|
“清辞,我喜欢你。”
他的声音没有发颤,每一个字都像被他攥在掌心里捏了很久才放出来,“你喜欢我吗?”
陆清辞的肩膀在他掌心里微微僵了一瞬,继而抬起头,金丝边眼镜后面的那双眼睛眨了又眨。
“顾总,你说什么?”
他的声音很轻,带着一点不确定,像是怀疑自己听错了。
顾衍辰看着那双眼睛。
他叫了他一整天陆院长,方才在车上好不容易改成了清辞,此刻他又退回去了——退回了“顾总”,退回了初见时的距离。
“我喜欢你。你喜欢我吗?”
他又说了一遍,一字一顿。
陆清辞沉默了。
不是那种被问得措手不及的慌乱,是安安静静的、像潮水退去时沙滩被晾在阳光底下的那种沉默。
顾衍辰低着头,手臂还环着他的肩膀,可他感觉到那几根微凉的手指正一点一点地从自己手臂上滑下去。
他的心也正一点一点地往下沉。
陆清辞把手从他手臂上收回来,重新覆上后腰,指尖在那个酸胀的位置用力按了按。
他靠在床头,沉默了很久,久到暮色从落地窗漫进来,把他们笼在一片将暗未暗的灰蓝里。
“顾总,”陆清辞终于开口了,像溪水漫过圆石,“你知道你在说什么吗?”
“知道。而且很清楚。”
陆清辞把手从后腰上移开,落在自己膝盖下方的空荡裤管上轻轻拂了拂。
“我这样的残疾人,跟我在一起,对你没好处。”
他的语气像是在陈述一个与己无关的事实,“我双腿残疾,走不了,腰也时常疼。
年轻时站讲台站得太久,血管坏了,后来截了肢。
胃也不好,整日坐在轮椅上,消化能力弱。
腰上的旧伤是截肢后重心改变落下的,坐久了会疼,天冷了也会疼。”
他一条一条地数,唇角微微弯着,像在说一件有些好笑的事。
“你在帝大看到的那些人——你的师兄师姐,你的合作伙伴,他们才适合你。
而我这样的——”
顾衍辰伸出手,握住了陆清辞搭在裤管上的那只手,把它从裤管上拉下来,合在自己两只掌心里。
“清辞哥哥。”
他叫了一声,声音从喉咙里挤出来,沙沙的,像被什么东西磨过。
他没有叫“清辞”,也没有叫“陆院长”,他叫的是“清辞哥哥”——和在遮阳棚下老校长说“送上门的小朋友”时一样。

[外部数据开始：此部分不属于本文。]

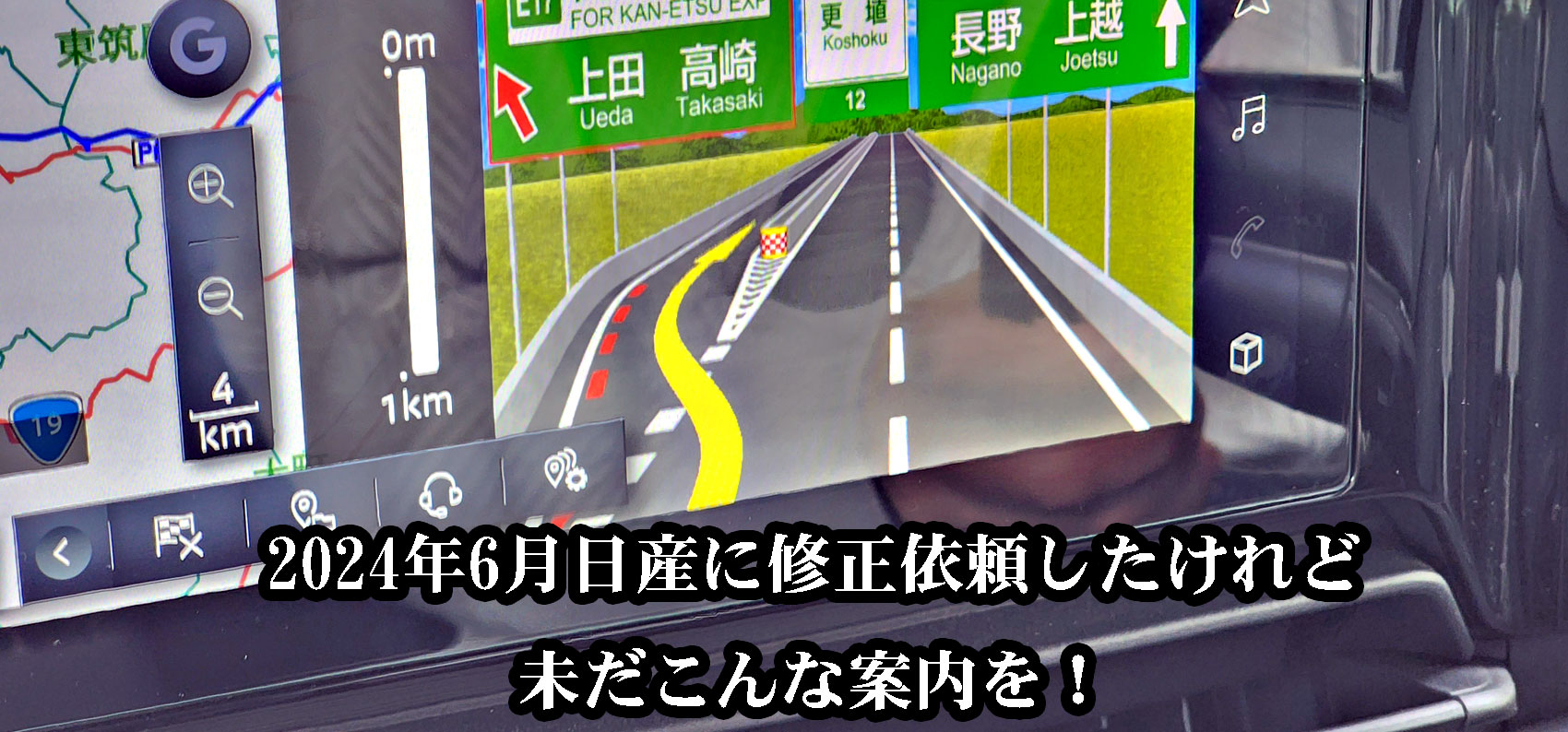 日産CONNECT&ナビ不具合事例多発・その12 2025年03月13日 《日産CONNECT&ナビ不具合事例多発》その122024年6月18日に起きた長野道更埴ジャンクションでの摩訶不思議案内がいまだ解消されない日産!※去年6月に日産ナビ担当部署に電話で修正依頼済みなのに・・・前回現象はイメージ図だったが今回は管理人助手席だったのでナビ摩訶不思議案内を撮影できました2024年12月14日九州山旅から帰宅途中にまたしても2024年6月18日の事例管理人運転中の為イメージ図での説明日産コネクトナビでこのようなヘンテコ案内ありましたと日産担当部署宛に電話したけれどお客さんからの注意喚起は無視するのが日産の体質かも・・・★ライブドア・該当ブログ記事https://canada2194.blog.jp/archives/28443410.html★Ameba・該当ブログ記事https://ameblo.jp/canada2194/entry-12856564331.html?frm=theme日産コネクト&ナビシステムは年間7920円有料プランにもかかわらず納車後数ヶ月の間に「信用できない案内事例が多発」したため、日産ナビシステム担当部署に改善を求める意味で2024年6月12日に当サイトを立ち上げました 「日産CONNECTナビ不具合事例集(24年式・セレナ)」カテゴリの最新記事 < 前の記事次の記事 > コメント コメントフォーム 名前 コメント 記事の評価 リセット リセット 顔 星 情報を記憶 コメントを投稿する
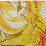 Een globale impressie van het schilderij "De dans" 100x100cm.
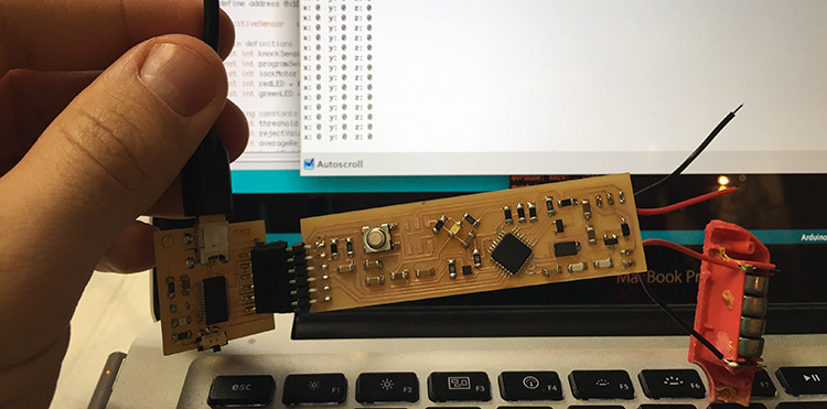 So next challenge is make a capacitive touch sensor to turn it on and off with a code sequence of touch. I found an example of knock knock locker using arduino + piezo, so I will try to use this with my capacitive sensor instead of a piezo. By now I’m using a Barduino and the accelerometer as a shield, just to program everything, once I finish the programming I will design a board with everything included and with the right size to fit inside of a steerer tube. This is how my board setup for programming looks like:
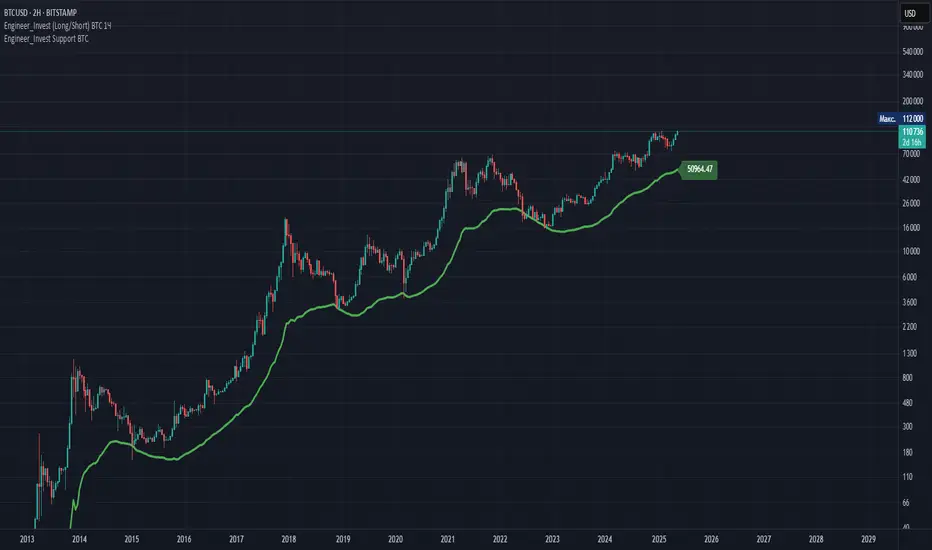 The "Engineer_Invest Support BTC" indicator is a well-thought-out analytical solution for technical analysis, combining elements of trend smoothing and a volatility filter. It can be used as an independent tool to find key support levels, or combined with other analysis methods to form a more complete picture of market dynamics.
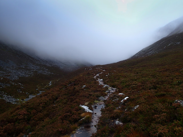 Looking back up into the Lairig, the cloud was now racing across the pass rather than straight down. The shif of wind as a front passed had totally altered the conditions in the space of a few moments - a real Cairngorm contrast.
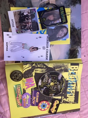 A: Beautiful chaos cd, photobook, component envelope, the cover, 2 photo cards out of 6, a photocard holder, a Polaroid, a poster, 2 or 1 post cards, a katseye sticker pack, and a mini zine (the tracklist in no specific order is Gameboy, Gnarly, Gabriela, MIA and mean girls.

和在宾利车边蹲着问他“能不能叫你清辞”时一样,又比那更多了一份近乎撒娇的恳求。
“从第一眼看到你的名字——在邀请函上,就是最后那个名字,我盯着它看了好几个晚上。
那天凌晨我坐在客厅里,在网上搜你的资料,从官网简介搜到校报专访,从校报专访搜到校内论坛。
论坛里有三百二十七条提到你的帖子,我全看了。
有一个学生写你婉拒想拜师的人,你说‘我这腿脚不便,耽误你们,你们选其他导师就好’。
那个帖子我看了好几遍。”
他的拇指在陆清辞手背上轻轻蹭着,“后来在帝大报告厅,我就站在台下看着你。
你坐在轮椅上,对学生说‘乖乖的’,我就知道自己完了。”
他看着陆清辞,没有眨眼,像是怕错过什么。
“这个人就是我想要的那个人。
从第一眼看到你的名字,再到看到你的人,我就确定了,我想和你在一起。
清辞哥哥,你给我一个追求你的机会好不好?”
陆清辞看着那张脸。
堂堂顾氏集团总裁,二十岁就坐到商界顶端的人,此刻蹲在他床边,眼眶红红的,鼻头也红红的。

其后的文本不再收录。